Published in: on May 29, 2018 at 12:29 am  Comments (2)  

I’m Back, Baby! And things have changed.

It been over 5 years since I wrote my last blog post and so much has changed.  SO much that I had many times gone back and forth over whether to attempt to revive this fabulous blog.  I don’t do online dating anymore.  I don’t date at the brisk pace i once used to.  In fact, for long stretches I don’t date at all.. or if I do, I may find myself in a dalliance with a married man.

I’m committed to meeting someone organically.  I just can’t continue to get my hopes up meeting someone and then have them dashed over and over again.  It takes a massive amount of energy to maintain those online accounts and message people, reply to messages, set up dates and times to meet, only then to see the person for 5 seconds before you realize they are not a match for you.  It could be anything..  The way he walks or talks or a smidge of attitude that makes you go “oh no, sister, we’ve seen that before.  uh uh, no thanks.”  It could be how liberal he is or how intelligent he is not.  All things that you would immediately know about a person had you met them organically but not so much online.

After five years, my cast of characters has drastically changed.  Many people have gotten married and even started families.  One is even married and divorced with a baby from another woman in between.  So, I’ll get to telling those stories to catch up.

My life is still a kaleidoscope of experiences and unusual extraordinary people.   I have some fun being the dirty mistress at times, or dating someone and sharing stories about our crazy narcissistic ex spouses.  I’m still fighting with my ex-husband, by the way.  12 years and it’s worse than ever.   And, I have discovered a very curious pattern in my romantic life over the last few years.

Oh, I still have stories to tell.  Stand by to Stand by….

Published in: on May 26, 2018 at 12:17 am  Leave a Comment  

Isolation

b&w couchI’ve been such a hermit since I had that episode and missed five weeks of work and all. Well, now I’ve got some meds managing the anxiety pretty well and I feel like I am ready to re-enter the social world…. but what to do?

I am on this stupid graveyard shift and it is SO isolating. While I’m awake and working, the rest of the world is asleep– then I sleep away all the daylight hours. When I do wake up to get ready for work, I usually message with the Duke a bit… and today was a bit rough.
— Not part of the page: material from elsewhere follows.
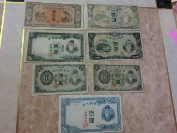 - ★ 満州・朝鮮・中国 拾圓・百圓 7種7枚セット ★ No.316

We are both in lonely places and wishing we were closer, but a myriad of circumstances prevents that. Still, sometimes he paints a picture of something like laying on a blanket in his arms under a tree… and I can’t help but picture it. Unfortunately, I think this just makes things harder. It was a lonely day today.

Thank God for my dog… I don’t know what I’d do if I didn’t have that fuzzy little love bug following me around to snuggle with me every second I’m home.

I miss the company of a man. I miss having strong arms around me and the strength in his personality. I miss touches, hugs, caresses and kisses. I miss companionship, talking for hours on end, and sex… boy do I miss sex.

I figured out today that I have gone for more than a year in my state of voluntary celibacy. I could break the pact. If I’m so in need of the company of a man and all that, there are places I could go and people I could see…. but I’m not just looking for someone. I’m looking for THE one.